The link to San Clemente Island -- used to carry data from a seismograph, data logger and Global Positioning System receiver -- runs with the maximum 1-watt power output allowed by the Federal Communications Commission for 2.4-GHz equipment, Werner-Braun said. At both ends of the link, HPWREN technicians installed high-gain, 2-ft. parabolic antennas to provide an additional boost to the signal.

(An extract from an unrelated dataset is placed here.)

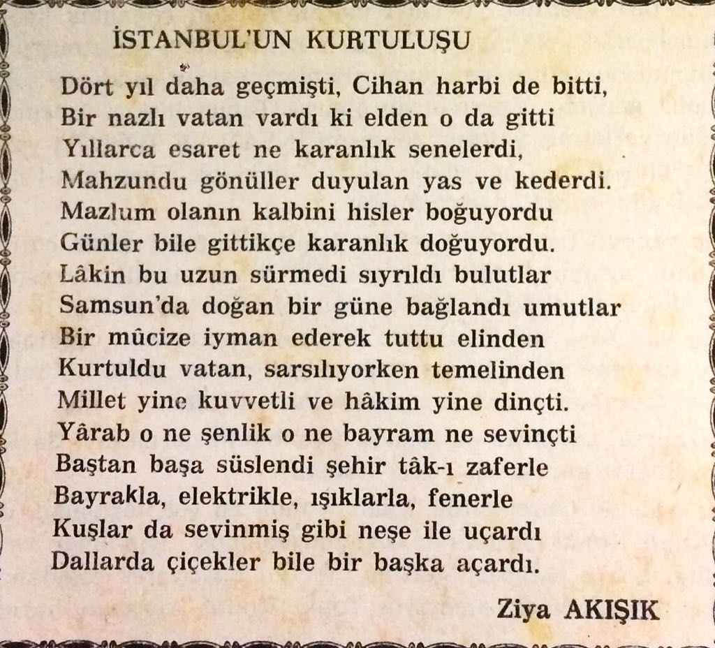 İstanbullu şair Ziya bey’in İstanbul’un kurtuluşu üzerine kaleme aldığı dizeler… Afrin operasyonunun başarıyla tamamlandığı ve terör tehdidinin sınırlarımızdan uzaklaştırıldığı bu günlerde daha anlamlı olan bu kurtuluş şiiri ve Ziya Bey’in kaleminden aynı mutluluğun farklı zaman dilimlerindeki tezahürüne şahitlik edelim…
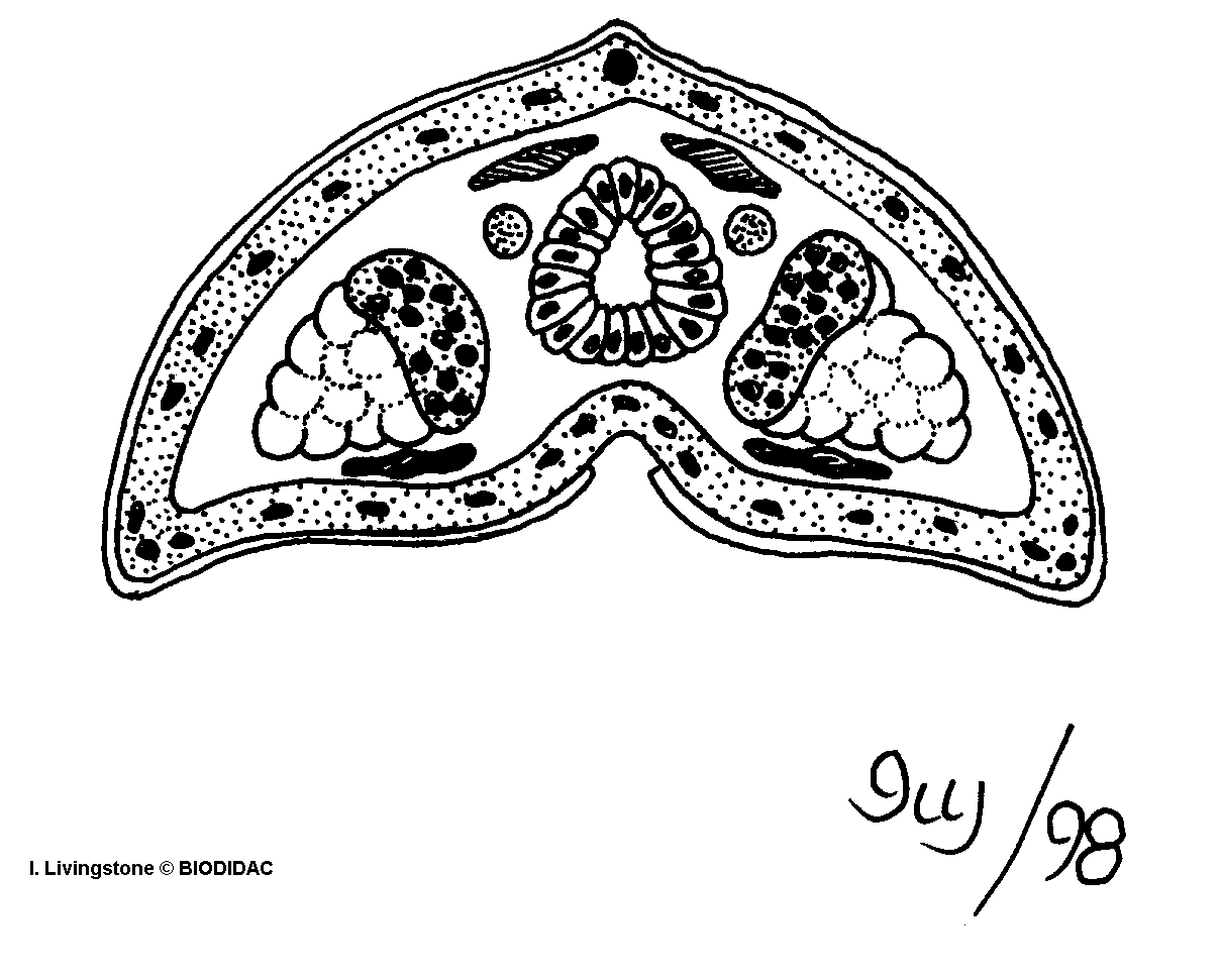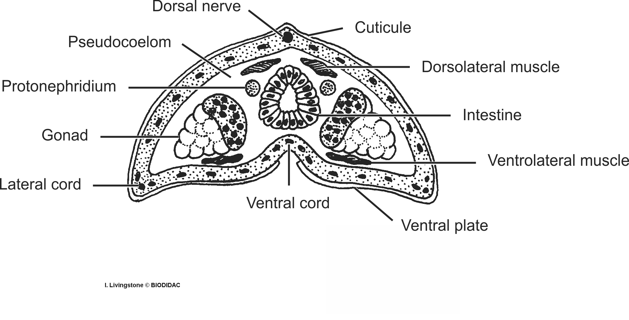 Labels (EN) : Cuticule, Dorsolateral muscle, Intestine, Ventrolateral muscle, Ventral plate, Ventral cord, Dorsal nerve, Pseudocoelom, Protonephridium, Gonad, Lateral cord

Although the raw data rate for the 802.11b gear Werner-Braun uses -- Orinoco routers and bridges from Proxim Corp. -- for the San Clemente Island shot is 11M bit/sec., the extreme distance cuts the throughput on that link to 1M bit/sec. But since there are no other communications alternatives, that's still a good data rate for an installation whose fixed cost ran about $3,000, according to estimates by Robert Ma, a product manager at Sunnyvale, Calif.-based Proxim.
Low costs, ease of installation and no hassles with protracted FCC license proceedings are the hallmarks of HPWREN, which uses equipment operating in both the 2.4- and 5-GHz bands to provide broadband data service to scientific installations, schools and Indian reservations scattered throughout 10,000 square miles of rural San Diego and southern Riverside counties in California.
Despite a large population hugging the Pacific Coast, rural San Diego County includes some of the most telecommunications-starved areas of the U.S., including the Anza-Borrego Desert, "and you're not even going to get a phone line in the desert," Werner-Braun said.
"There's no other viable choice" for high-speed access for scientific installations such as the Palomar Observatory besides HPWREN, which an can easily, quickly and cheaply install wireless connections to backbone nodes on mountains such as Alliance Peak, Toro Peak and Monument Peak, he added.
The backbone nodes operate at a data rate of 45M bit/sec. in the same unlicensed 5-GHz frequency bands used by 802.11a WLAN equipment, with high-gain, 8-ft. antennas pushing the distance from feet to miles, Werner-Braun said. These backbone nodes require equipment not found in the standard corporate campus WLAN, but any extra costs are quickly mitigated by using an unlicensed spectrum instead of licensed fixed microwave links or fiber-optic high-speed circuits from a telecommunications carrier, Werner-Braun said.
Werner-Braun explained that HPWREN was built around the unlicensed spectrum because "I don't have to pay for it, and I don't have to go through the FCC."
Greg Ennis, technical director for the Wi-Fi Alliance, said that although wireless point-to-point bridging is "relatively routine," Braun's long shots are unusual. Whereas eight to 10 miles is common, Ennis said, a 72-mile, 2.4-GHz link pushes the technology to its limits.
Ma agreed. He said 72 miles "is a truly amazing feat," especially over water, where reflections can inhibit the signal.